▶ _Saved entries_

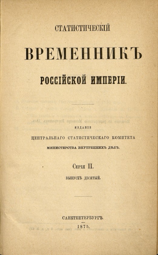 ЦСК МВД. Статистический временник Российской империи. Серии I-II
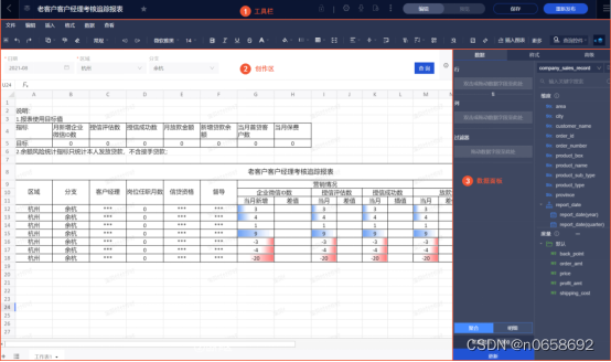 在使用门槛方面,对于专业数据分析人员或熟练使用Excel的工作者,Quick BI在线电子表格沿用了类似于Excel在线设计器的交互方式,因此上手难度不高,基本上算是“平滑过渡”。 它的主界面主要分为工具栏、创作区和数据面板三大功能区,工具栏中包含设置、编辑、格式、数据、查看、查询等常规控件,创作区可按照单元格展示和引用数据,完成数据的再加工,数据面板则将每个数据集的数据类型分别列在维度和度量的列表中,方便选择与切换。此外,Quick BI在线电子表格还具有强大的函数功能,包括数据库函数、工程函数、财务函数等,方便不同专业领域的人员使用。
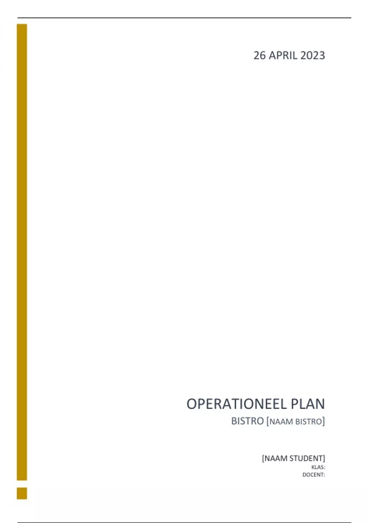 Operationeel Plan 2023 | Manager/Ondernemer Horeca | Rijn IJssel Vakschool Wageningen. Ik heb dit operationeel plan in 1x afgerond met een GOED (cijfer 9,0!). Ik heb de opleiding Manager/Ondernemer Horeca gevolgd aan Rijn IJssel Vakschool Wageningen. Het operationeel plan is gebaseerd op een klassieke Franse bistro. Het plan bevat ook alle financiële aspecten en begrotingen. Privacygevoelige informatie is uit het plan verwijderd of onherkenbaar gemaakt. Hier mag je dus je eigen invulling aan geven. Let op! Rijn IJssel Vakschool Wageningen heeft een database waarin alle operationele plannen van de afgelopen jaren worden opgeslagen. Dit operationeel plan volledig overnemen kan PLAGIAAT opleveren. Gebruik dit operationeel plan dus alleen als voorbeeld! :-) Wil je graag het bijpassende ondernemingsplan? Deze staat óók op mijn pagina TE KOOP. De bronnenlijst is uit dit plan verwijderd. Voor de bronnenlijst kan je mij een pb sturen.
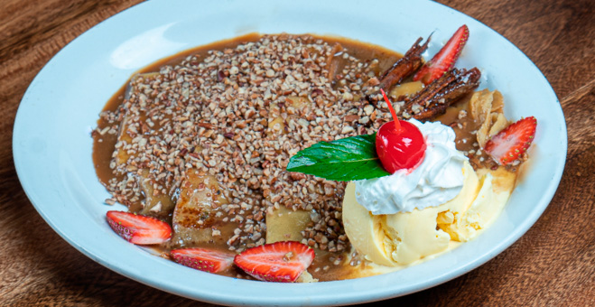 | PANQUEQUE CON HELADO DE VAINILLA (RELLENO DE PLÁTANO) |
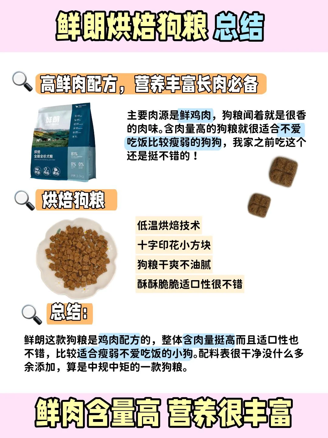 鲜朗这款狗粮的肉含量挺高的,而且烘焙粮整体也更加清爽不油腻。这款没有非常功效性的添加,比较适合日常给狗狗吃。
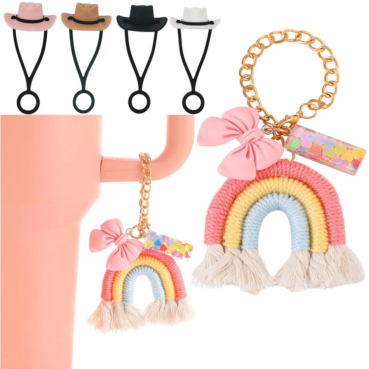 Stanley Cup Accessories Set-Woven Water Bottle Handle Strap Siliocne Stanley Cup Boot Stanley Charms for Stanley Cup 40oz Tumbler,Straw Cover Cap(White)
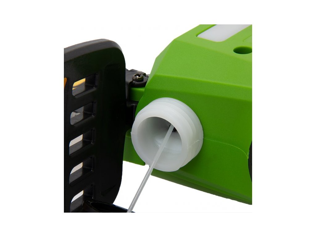 AKU jednoruční řetězová pila je díky svým kompaktím rozměrům užitečným pomocníkem při prořezávání stromů a keřů při práci v omezeném prostoru. Její provoz je v porovnání s většími stroji tichý. Je vybavena ochranou proti zpětnému rázu a bezpečnostním krytem pilového řetězu. Stroj je dodávaný včetně vodící lišty a pilového řetězu v kartonu s montážním klíčem a nádobou na mazací olej - bez akumulátoru a nabíječky.
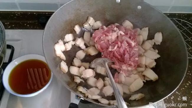 热锅倒入切好的肥肉丁翻炒,至略有油析出加入瘦肉丁共同翻炒;
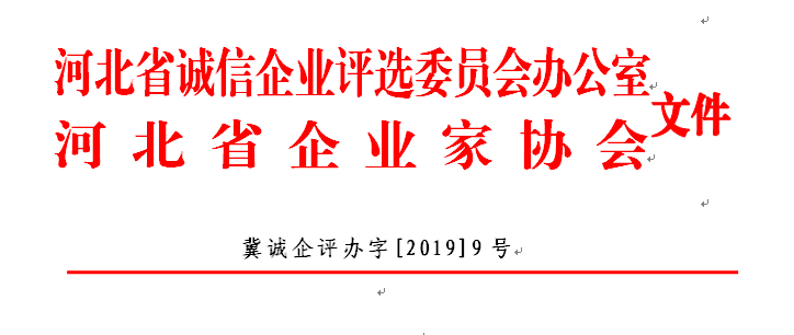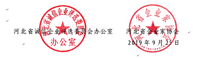 河北省誠信企業(yè)評選委員會辦公室 2019年9月25日印

▶ _WHAT IS REQUIRED_
Above are records with pictures; repeat the records exactly and leave the pictures out.

▶ _REPLY_
 ЦСК МВД. Статистический временник Российской империи. Серии I-II
 在使用门槛方面,对于专业数据分析人员或熟练使用Excel的工作者,Quick BI在线电子表格沿用了类似于Excel在线设计器的交互方式,因此上手难度不高,基本上算是“平滑过渡”。 它的主界面主要分为工具栏、创作区和数据面板三大功能区,工具栏中包含设置、编辑、格式、数据、查看、查询等常规控件,创作区可按照单元格展示和引用数据,完成数据的再加工,数据面板则将每个数据集的数据类型分别列在维度和度量的列表中,方便选择与切换。此外,Quick BI在线电子表格还具有强大的函数功能,包括数据库函数、工程函数、财务函数等,方便不同专业领域的人员使用。
 Operationeel Plan 2023 | Manager/Ondernemer Horeca | Rijn IJssel Vakschool Wageningen. Ik heb dit operationeel plan in 1x afgerond met een GOED (cijfer 9,0!). Ik heb de opleiding Manager/Ondernemer Horeca gevolgd aan Rijn IJssel Vakschool Wageningen. Het operationeel plan is gebaseerd op een klassieke Franse bistro. Het plan bevat ook alle financiële aspecten en begrotingen. Privacygevoelige informatie is uit het plan verwijderd of onherkenbaar gemaakt. Hier mag je dus je eigen invulling aan geven. Let op! Rijn IJssel Vakschool Wageningen heeft een database waarin alle operationele plannen van de afgelopen jaren worden opgeslagen. Dit operationeel plan volledig overnemen kan PLAGIAAT opleveren. Gebruik dit operationeel plan dus alleen als voorbeeld! :-) Wil je graag het bijpassende ondernemingsplan? Deze staat óók op mijn pagina TE KOOP. De bronnenlijst is uit dit plan verwijderd. Voor de bronnenlijst kan je mij een pb sturen.
 | PANQUEQUE CON HELADO DE VAINILLA (RELLENO DE PLÁTANO) |
 鲜朗这款狗粮的肉含量挺高的,而且烘焙粮整体也更加清爽不油腻。这款没有非常功效性的添加,比较适合日常给狗狗吃。
 Stanley Cup Accessories Set-Woven Water Bottle Handle Strap Siliocne Stanley Cup Boot Stanley Charms for Stanley Cup 40oz Tumbler,Straw Cover Cap(White)
 AKU jednoruční řetězová pila je díky svým kompaktím rozměrům užitečným pomocníkem při prořezávání stromů a keřů při práci v omezeném prostoru. Její provoz je v porovnání s většími stroji tichý. Je vybavena ochranou proti zpětnému rázu a bezpečnostním krytem pilového řetězu. Stroj je dodávaný včetně vodící lišty a pilového řetězu v kartonu s montážním klíčem a nádobou na mazací olej - bez akumulátoru a nabíječky.
 热锅倒入切好的肥肉丁翻炒,至略有油析出加入瘦肉丁共同翻炒;
 河北省誠信企業(yè)評選委員會辦公室 2019年9月25日印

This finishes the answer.